Influence Of The Metal Ion On The Topology And Interpenetration Of Pyridylvinyl(Benzoate) Based Metal-Organic Frameworks

A family of four M(II)-metal-organic frameworks of general formula {[M-x(pvb)(2x)]y(dmf)}(n) (M = Cu, 1; M = Co, 2; M = Ni, 3; M = Mn, 4), based on the bis{4-[2-(4-pyridyl)ethenyl]} benzoic acid (Hpvb) ligand, were obtained. 1 exhibits a 5-fold interpenetrated lvt framework, 2 and 3 a 7-fold interpenetrating dia framework, and 4 a 2-fold interpenetrated dmc framework. Magnetic properties of 1-4 have been investigated. 1 was analyzed by a Curie-Weiss model, while 2 and 3 where analyzed by a zero-field splitting model due to the very long metal-metal distances, which results in very weak antiferromagnetic interactions.
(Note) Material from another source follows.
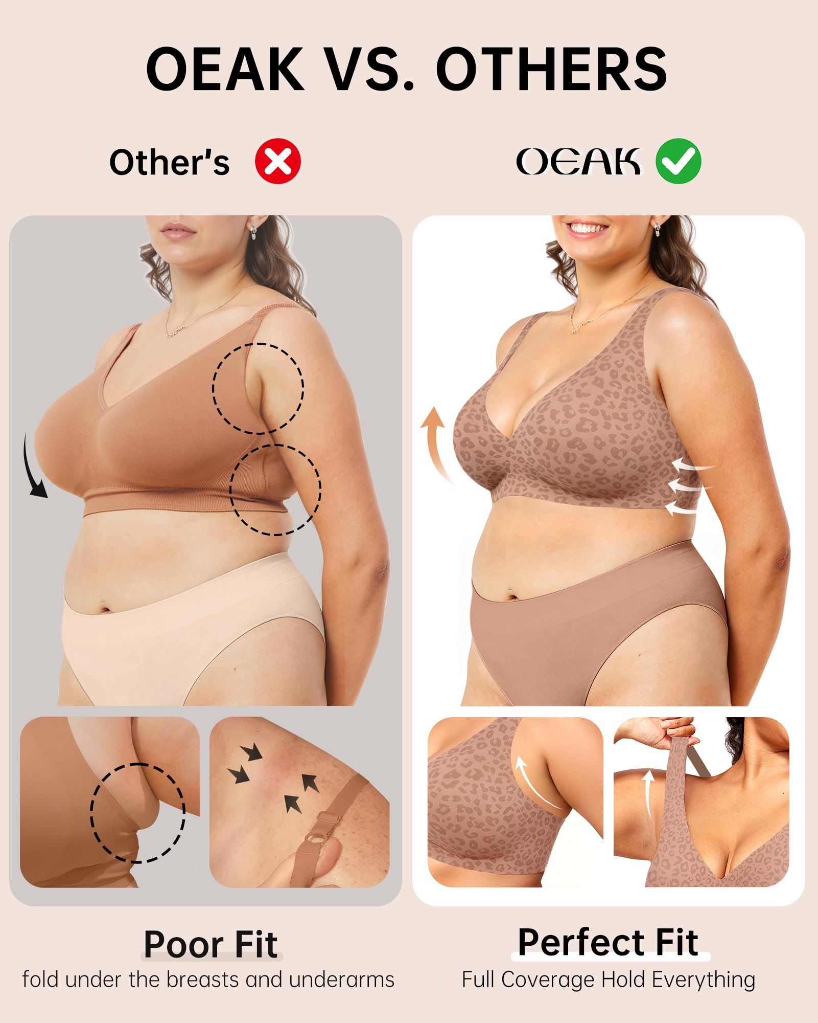 Stylish Deep V Bras for Women - The OEAK Wireless bra adopts a cute plunge design, which gathers and lifts your breasts, setting off the breast line to make your breasts more upright, round, and perfectly shaped. It showcases the seductive collarbones and cleavage under t-shirts and other clothing. The seamless Deep V bras are particularly effective in showcasing a beautiful neckline, making them ideal for wearing under low-cut tops and dresses, thus making your outfit simple and elegant.

The coupling pathway in 4 was done by carboxylate bridges instead of the pvb pathway, affording a short metal-metal separation that was analyzed by a isotropic Heisenberg spin Hamiltonian for a linear trinuclear Mn(II) cluster. The different metal coordination modes and geometries, along with template effects induced by the solvent, play an important role in the formation of distinctive structural topologies.